In [1]:
# ==================== Cell 1: Shared Cache Bootstrap ====================
"""
目標：建立統一快取機制，所有模型/資料集都存放在 AI_CACHE_ROOT
重要：這段程式碼會被複製到每本 notebook 的第一格
"""
import os, pathlib, torch
import sys
from datetime import datetime

print(f"🚀 環境引導檢查開始 - {datetime.now().strftime('%Y-%m-%d %H:%M:%S')}")
print(f"Python 版本: {sys.version}")

# Shared cache configuration (複製到每本 notebook)
AI_CACHE_ROOT = os.getenv("AI_CACHE_ROOT", "../ai_warehouse/cache")

# Critical: Set all AI-related cache paths
cache_config = {
    "HF_HOME": f"{AI_CACHE_ROOT}/hf",
    "TRANSFORMERS_CACHE": f"{AI_CACHE_ROOT}/hf/transformers",
    "HF_DATASETS_CACHE": f"{AI_CACHE_ROOT}/hf/datasets",
    "HUGGINGFACE_HUB_CACHE": f"{AI_CACHE_ROOT}/hf/hub",
    "TORCH_HOME": f"{AI_CACHE_ROOT}/torch",
}

for key, path in cache_config.items():
    os.environ[key] = path
    pathlib.Path(path).mkdir(parents=True, exist_ok=True)
    print(f"✓ {key}: {path}")

print(f"\n📁 快取根目錄: {AI_CACHE_ROOT}")
print(f"🔥 GPU 可用: {torch.cuda.is_available()}")
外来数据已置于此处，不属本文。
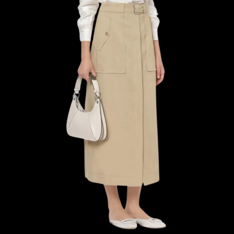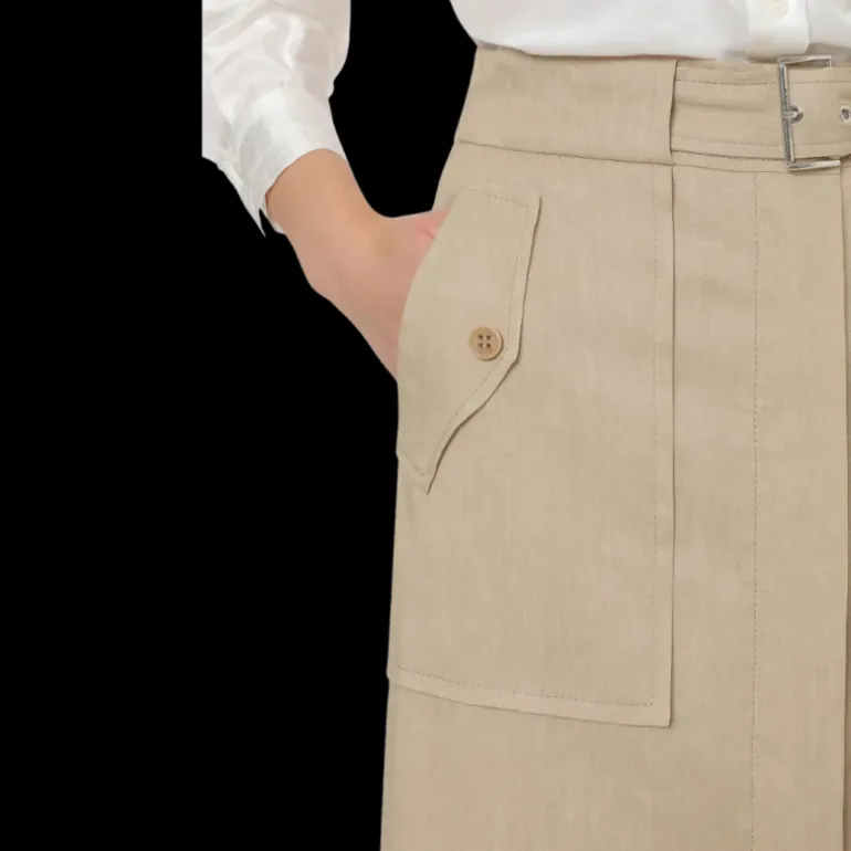 Jupe droite taille haute poche cargo viscose lin beige boucle

🚀 環境引導檢查開始 - 2025-08-21 17:31:57
Python 版本: 3.10.18 | packaged by Anaconda, Inc. | (main, Jun  5 2025, 13:08:55) [MSC v.1929 64 bit (AMD64)]
✓ HF_HOME: ../ai_warehouse/cache/hf
✓ TRANSFORMERS_CACHE: ../ai_warehouse/cache/hf/transformers
✓ HF_DATASETS_CACHE: ../ai_warehouse/cache/hf/datasets
✓ HUGGINGFACE_HUB_CACHE: ../ai_warehouse/cache/hf/hub
✓ TORCH_HOME: ../ai_warehouse/cache/torch

📁 快取根目錄: ../ai_warehouse/cache
🔥 GPU 可用: True


In [2]:
# ==================== Cell 2: CUDA & PyTorch 詳細檢查 ====================
"""
檢查 GPU 記憶體、CUDA 版本、可用設備等關鍵資訊
"""

print("=" * 50)
print("🔍 CUDA & PyTorch 詳細檢查")
print("=" * 50)

# Basic PyTorch info
print(f"PyTorch 版本: {torch.__version__}")
print(f"CUDA 可用: {torch.cuda.is_available()}")
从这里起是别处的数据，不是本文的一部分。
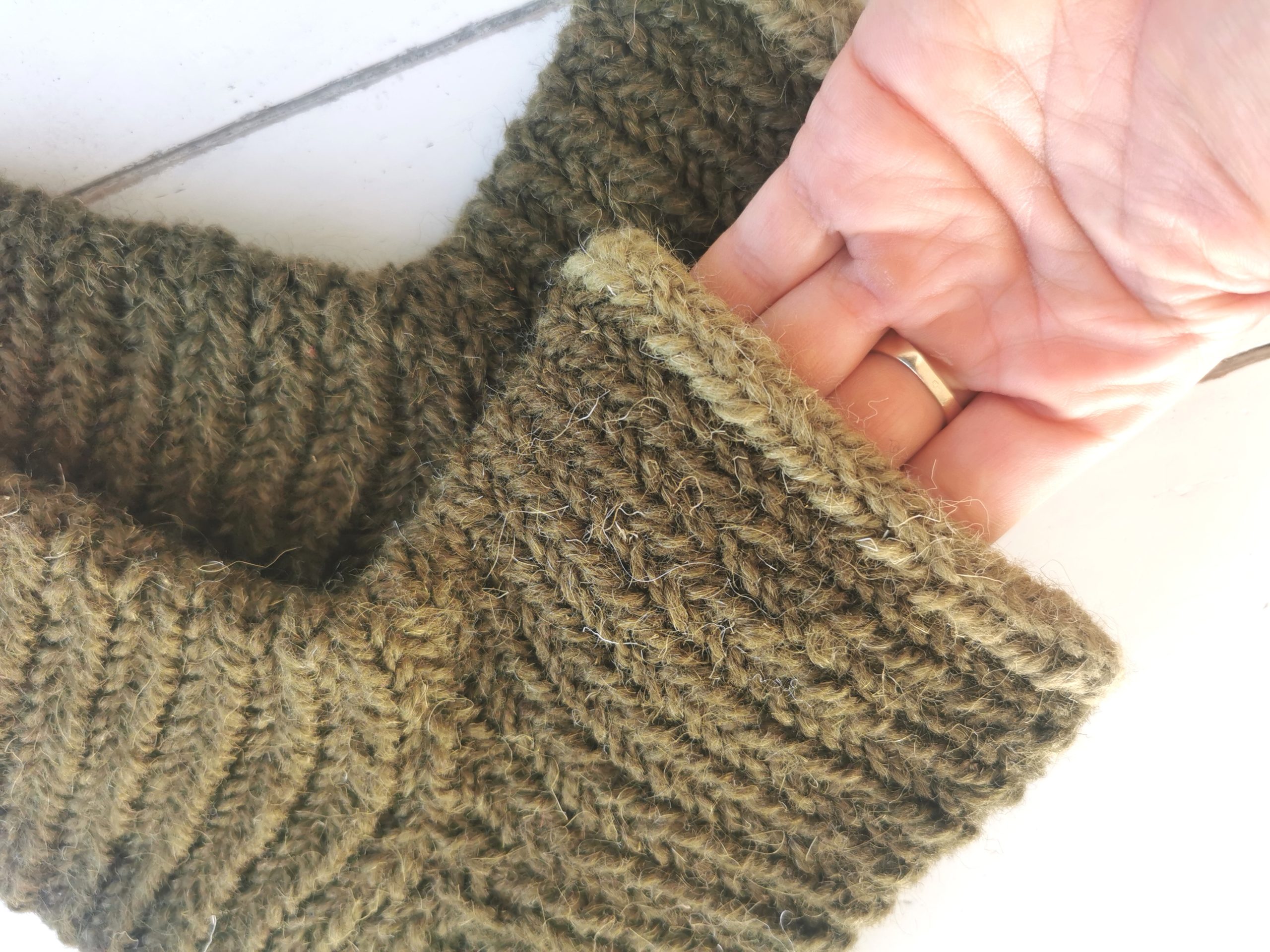 100% perfectly handmade of great wool in dark olive-green colour

if torch.cuda.is_available():
    print(f"CUDA 版本: {torch.version.cuda}")
    print(f"cuDNN 版本: {torch.backends.cudnn.version()}")
    print(f"GPU 數量: {torch.cuda.device_count()}")

    for i in range(torch.cuda.device_count()):
        props = torch.cuda.get_device_properties(i)
        memory_gb = props.total_memory / (1024**3)
        print(f"  GPU {i}: {props.name}")
        print(f"    總記憶體: {memory_gb:.1f} GB")
        print(f"    計算能力: {props.major}.{props.minor}")

        # Check available memory
        if torch.cuda.is_available():
            torch.cuda.empty_cache()  # Clear cache first
            allocated = torch.cuda.memory_allocated(i) / (1024**3)
            cached = torch.cuda.memory_reserved(i) / (1024**3)
            print(f"    已分配: {allocated:.2f} GB")
            print(f"    已快取: {cached:.2f} GB")
else:
    print("⚠️  CUDA 不可用，將使用 CPU 模式")
    print("   建議：檢查 GPU 驅動程式與 CUDA 安裝")

🔍 CUDA & PyTorch 詳細檢查
PyTorch 版本: 2.7.1+cu128
CUDA 可用: True
CUDA 版本: 12.8
cuDNN 版本: 90701
GPU 數量: 1
  GPU 0: NVIDIA GeForce RTX 5080
    總記憶體: 15.9 GB
    計算能力: 12.0
    已分配: 0.00 GB
    已快取: 0.00 GB


In [4]:
# ==================== Cell 3: 關鍵依賴套件版本檢查 ====================
"""
檢查 Stage 1-2 所需的核心套件是否正確安裝
"""

print("\n" + "=" * 50)
print("📦 關鍵依賴套件版本檢查")
print("=" * 50)

# Define required packages for Stage 1-2
required_packages = [
    ("torch", "2.0.0"),
    ("transformers", "4.30.0"),
    ("tokenizers", "0.13.0"),
    ("accelerate", "0.20.0"),
    ("pydantic", "2.0.0"),
    ("jsonlines", "3.0.0"),
]

optional_packages = [
    ("sentence_transformers", "2.2.0"),
    ("faiss", "1.7.0"),
    ("opencc", "1.1.0"),
    ("duckduckgo_search", "3.8.0"),
]

def check_package_version(package_name, min_version=None):
    """Check if package is installed and meets minimum version"""
    try:
        if package_name == "faiss":
            # faiss can be faiss-cpu or faiss-gpu
            try:
                import faiss
                version = "installed"
            except ImportError:
                try:
                    import faiss_cpu as faiss
                    version = "cpu"
                except ImportError:
                    return False, "not found"
        else:
            module = __import__(package_name)
            version = getattr(module, "__version__", "unknown")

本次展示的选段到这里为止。